▶ _Task statement_
All lines from the one containing "Vroubkovaná čepel z" through the end of the data below are to be repeated exactly, with pictures left out.

——

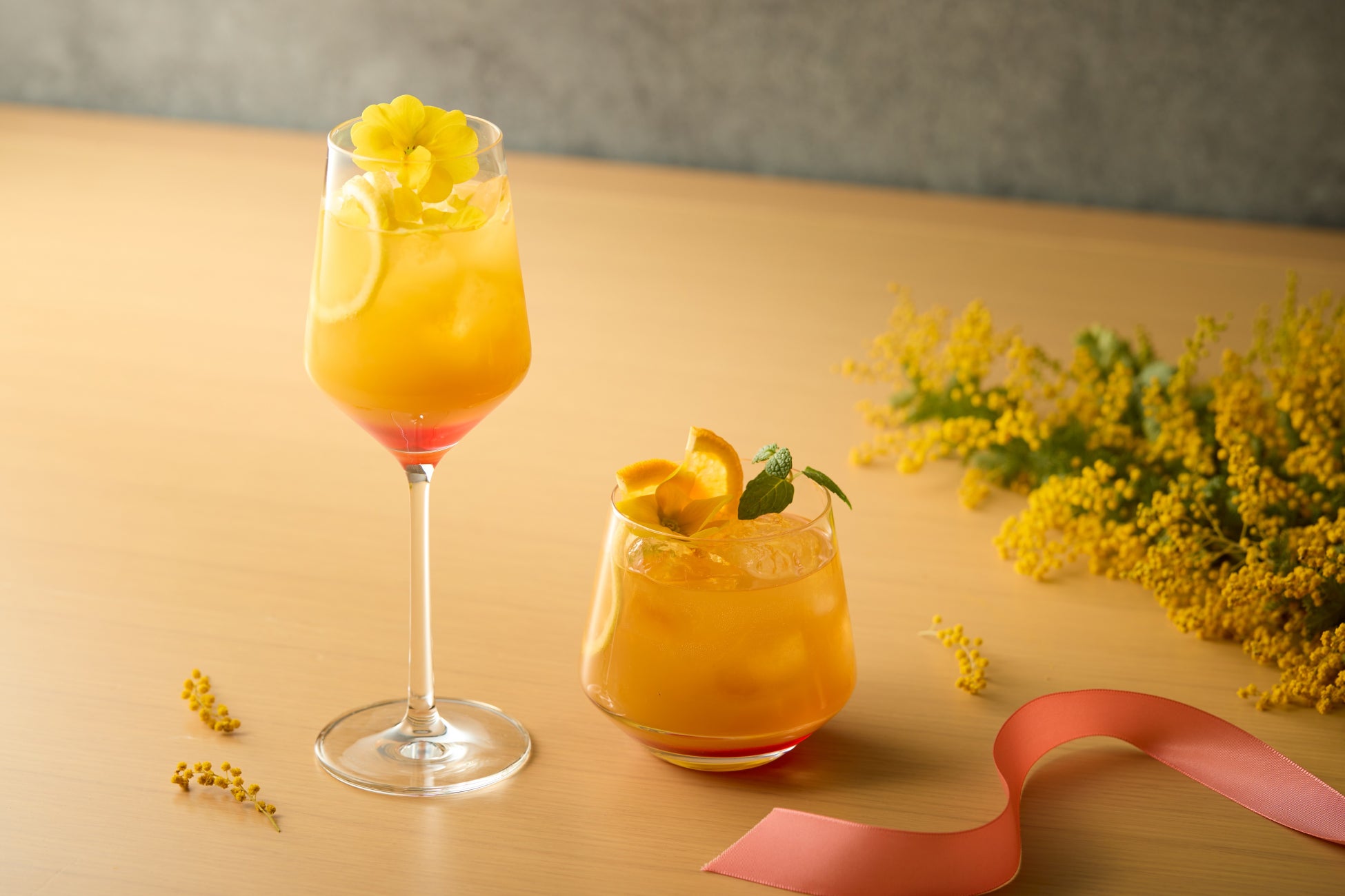 春の訪れを感じさせる桜のピンク色にミモザの黄色を重ね、一目でハッピーになれるような、はつらつとしたルックス。アプリコットをベースに、柑橘の爽やかなテイストを合わせ、桜シロップでほんのり春の香りを加えた、奥深い味わいを感じられるドリンクです。アルコールにはシャンパンを使用し華やかに仕上げました。ノンアルコールは、グレープフルーツジュースとノンアルコールスパークリングワインを使用し大人な味わいに。
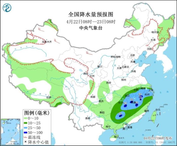 4月22日08時至23日08時,新疆北疆北部、青海南部、西藏北部等地部分地區(qū)有小到中雪或雨夾雪,局地有大到暴雪。江淮南部、江漢東部、江南大部、華南北部等地部分地區(qū)有中到大雨,其中,安徽南部、湖南東部、江西中北部、浙江西部、廣西東北部等地局地有暴雨(50~70毫米)。新疆北部、內(nèi)蒙古、東北南部等地部分地區(qū)有4~6級風(見圖1)。
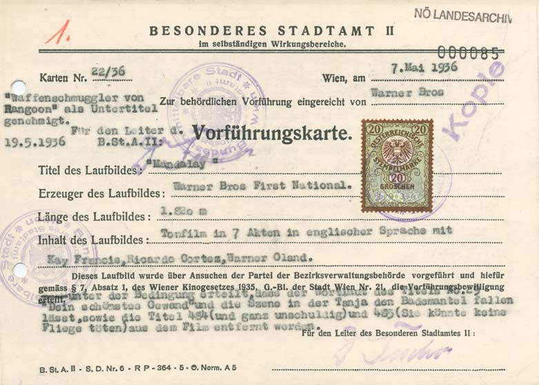 Kuvaus: The subtitle "Waffenschmuggler von Mangoon" was approved on 19.5.1936.Following parts had to be removed:1) Title 29, the words "Dein schönstes Gewand" (Your most beautiful robe)2) Scene, where Tanja drops her bathrobe3) title 484 "und ganz unschuldig" (and absolutely innocent)4) title 485 "Sie könnte keine Fliege töten" (she is not able to kill a fly)
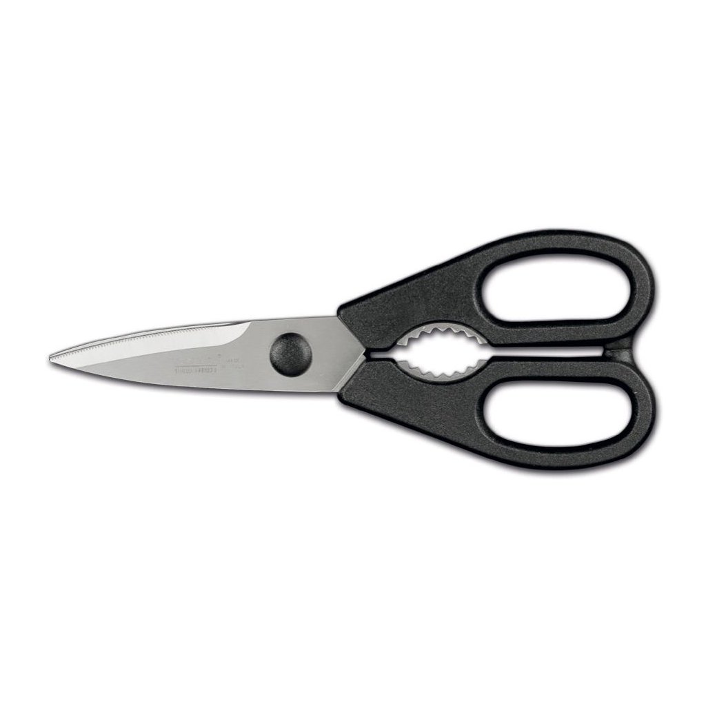 Vroubkovaná čepel z nerezové oceli. Tvrdost: 54-55 HRC. Rukojeť z nylonu (PA6). Další vroubkované hrany v rukojeti pro louskání ořechů. Nůžky lze rozložit na 2 části pro snadné čištění.Buďte první, kdo napíše příspěvek k této položce.
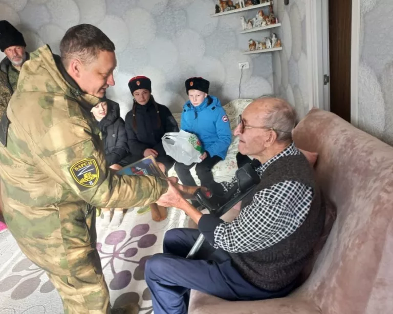 К ветерану также пришли в гости туапсинские казачата.
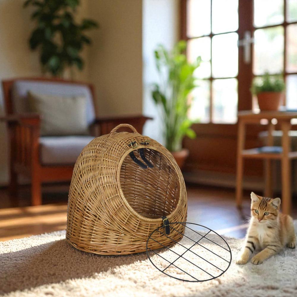 Questo trasportino per gatti in vimini intrecciato a mano è la soluzione perfetta per chi cerca uno stile naturale e funzionale.
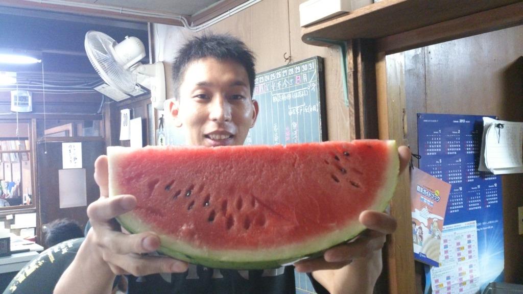 佐藤君の手…でかくてスイカの大きさが目立たんじゃないか。

——

▶ _Response area_
 Vroubkovaná čepel z nerezové oceli. Tvrdost: 54-55 HRC. Rukojeť z nylonu (PA6). Další vroubkované hrany v rukojeti pro louskání ořechů. Nůžky lze rozložit na 2 části pro snadné čištění.Buďte první, kdo napíše příspěvek k této položce.
 К ветерану также пришли в гости туапсинские казачата.
 Questo trasportino per gatti in vimini intrecciato a mano è la soluzione perfetta per chi cerca uno stile naturale e funzionale.
 佐藤君の手…でかくてスイカの大きさが目立たんじゃないか。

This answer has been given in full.